Environmental enteropathy is a major contributor to growth faltering in millions of children in Africa and South Asia. We carried out a longitudinal, observational and interventional study in Lusaka, Zambia, of 297 children with stunting (aged 2–17 months at recruitment) and 46 control children who had good growth (aged 1–5 months at recruitment). Control children contributed data only at baseline. Children were provided with nutritional supplementation of daily cornmeal-soy blend, an egg and a micronutrient sprinkle, and were followed up to 24 months of age. Children whose growth did not improve over 4–6 months of nutritional supplementation were classified as having non-responsive stunting. We monitored microbial translocation from the gut lumen to the bloodstream in the cohort with non-responsive stunting (n = 108) by measuring circulating lipopolysaccharide (LPS), LPS-binding protein and soluble CD14 at baseline and when non-response was declared. We found that microbial translocation decreased with increasing age, such that LPS declined in 81 (75%) of 108 children with non-responsive stunting, despite sustained pathogen pressure and ongoing intestinal epithelial damage. We used confocal laser endomicroscopy and found that mucosal leakiness also declined with age. However, expression of brush border enzyme, nutrient transporter and mucosal barrier genes in intestinal biopsies did not change with age or correlate with biomarkers of microbial translocation. We propose that environmental enteropathy arises through adaptation to pathogen-mediated epithelial damage. Although environmental enteropathy reduces microbial translocation, it does so at the cost of impaired growth. The reduced epithelial surface area imposed by villus blunting may explain these findings.

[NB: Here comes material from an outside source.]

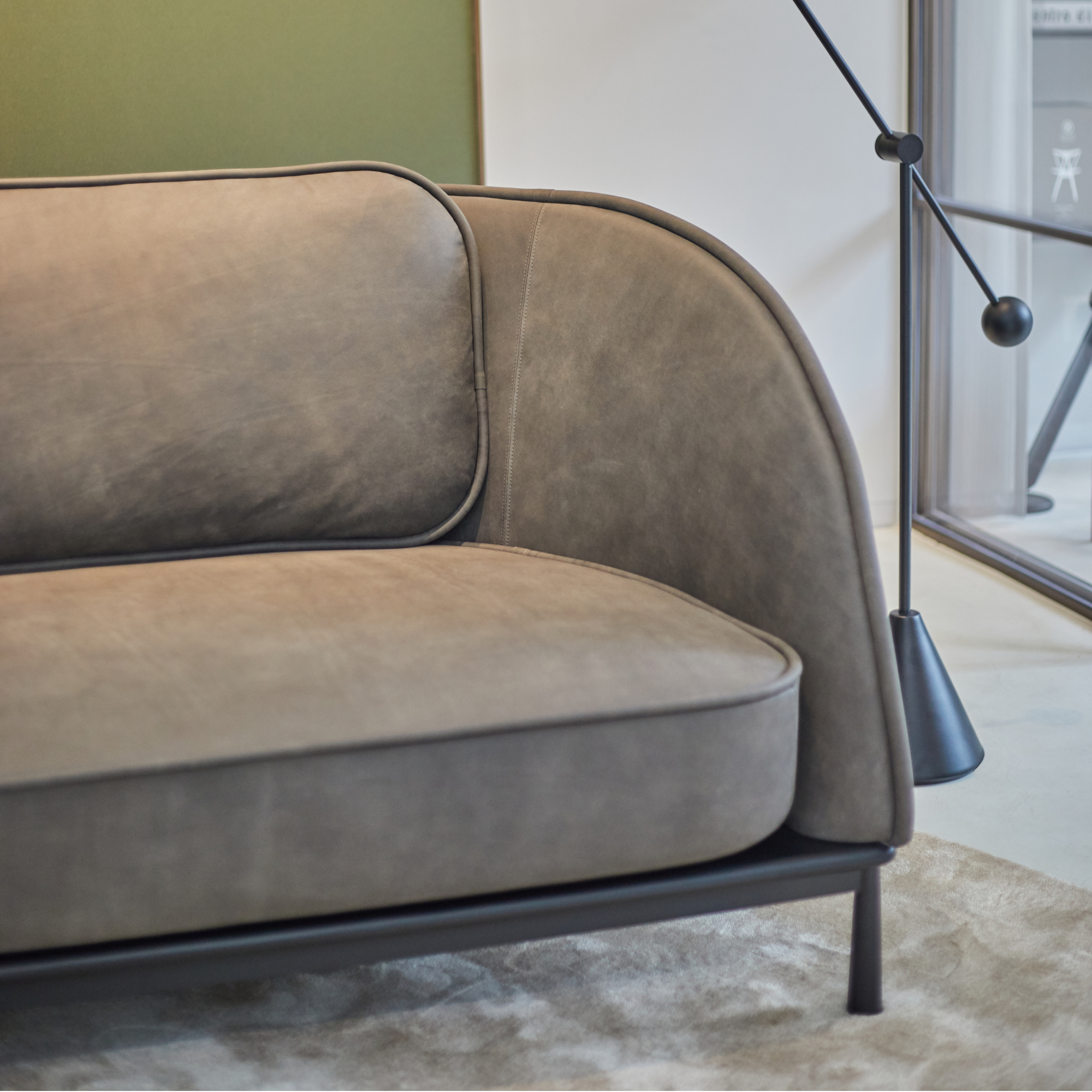 The Arc Sofa Love Seat by Hallgeir Homstvedt features a wood‑veneer base, black steel legs, and a soft, sculptural curved form with a thick seam that contrasts its structured exterior and inviting interior—perfect for home-like coziness in modern workspaces.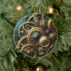 Dourado relógio brilha contra um fundo teal neste elegante design steampunk, trazendo uma sensação industrial vívida para a arte moderna neste ornamento de feriado.

Two datasets are provided. The first contains data on pathogens present. in stool samples, analysed by Luminex xTAG GPP. The second contains analysis of plasma biomarkers, analysed by commercial ELISA kits. These biomarkers include lipolpolysaccharide (LPS), LPS-binding protein (LBP), soluble CD14, and intestinal fatty acid binding protein (iFABP).

The ID numbers used are not the ID numbers used for each child in the study, but allow the two databases to be cross-linked. There are missing values where, for example, the plasma was insufficient to do all assays. In the pathogens file, avpos is adenovirus positive, nvpos is norovirus, rvapos is rotavirus A positive, etecpos is positive for Enterotoxigenic Escherichia coli (ETEC), salmo1pos is positive for Salmonella spp, shigpos is positive for Shigella spp., campypos is positive for Campylobacter spp., giardiapos is positive for Giardia intestinalis, and cryptopos is positive for Cryptosporidium spp.